X_train[X_train.select_dtypes('number').columns] = \
si.fit_transform(X_train.select_dtypes('number'))
X_test[X_test.select_dtypes('number').columns] = \
si.transform(X_test.select_dtypes('number'))
Fancy imputation¶
This basically does the same thing as mice
in R.
[33]:
from sklearn.experimental import enable_iterative_imputer
from sklearn.impute import IterativeImputer
[34]:
ii = IterativeImputer(random_state=0)
[35]:
X_train[X_train.select_dtypes('number').columns] = \
ii.fit_transform(X_train.select_dtypes('number'))
[36]:
X_test[X_test.select_dtypes('number').columns] = \
ii.transform(X_test.select_dtypes('number'))
[37]:
X_train.isnull().sum().sum(), X_test.isnull().sum().sum()
[37]:
(0, 0)
Simple example to illustrate differences¶
[38]:
import numpy as np
[39]:
x = np.array([
[10, 10],
[1, 1],
[2,2],
[10, 10],
[10, np.nan],
[np.nan, 10],
[np.nan, np.nan]
])
[40]:
si.fit_transform(x)
[40]:
array([[10. , 10. ],
[ 1. , 1. ],
[ 2. , 2. ],
[10. , 10. ],
[10. , 6.6],
[ 6.6, 10. ],
[ 6.6, 6.6]])
[41]:
ii.fit_transform(x)
[41]:
array([[10. , 10. ],
[ 1. , 1. ],
[ 2. , 2. ],
[10. , 10. ],
[10. , 9.99968523],
[10.00094638, 10. ],
[ 7.1668244 , 7.1666142 ]])
[42]:
X_train.to_csv('data/X_train_unscaled.csv', index=False)

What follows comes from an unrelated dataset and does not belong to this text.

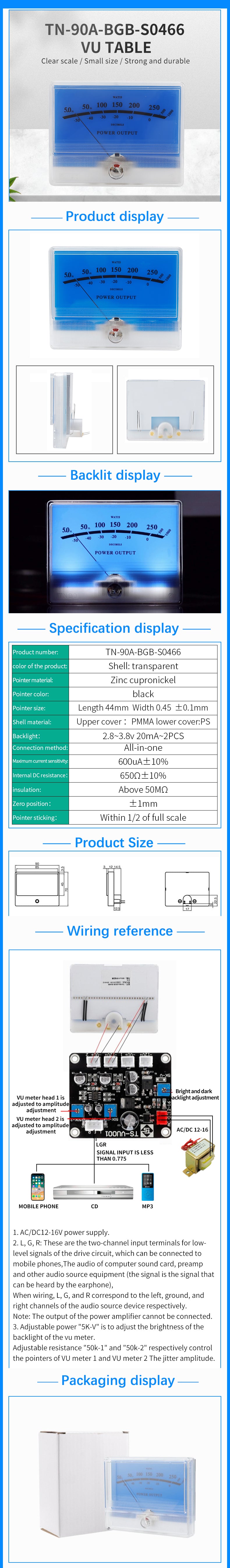 600uA 650Ω Audio Volume Meter With Backlight Pointer Power Meter VU Level Meter

X_test.to_csv('data/X_test_unscaled.csv', index=False)
y_train.to_csv('data/y_train_unscaled.csv', index=False)
y_test.to_csv('data/y_test_unscaled.csv', index=False)
Standardize data¶
[43]:
from sklearn.preprocessing import StandardScaler
[44]:
scaler = StandardScaler()
[45]:
X_train.iloc[:, :] = scaler.fit_transform(X_train)
X_test.iloc[:, :] = scaler.transform(X_test)
Save processed data for future use¶
[46]:
X_train.to_csv('data/X_train.csv', index=False)
X_test.to_csv('data/X_test.csv', index=False)
y_train.to_csv('data/y_train.csv', index=False)
y_test.to_csv('data/y_test.csv', index=False)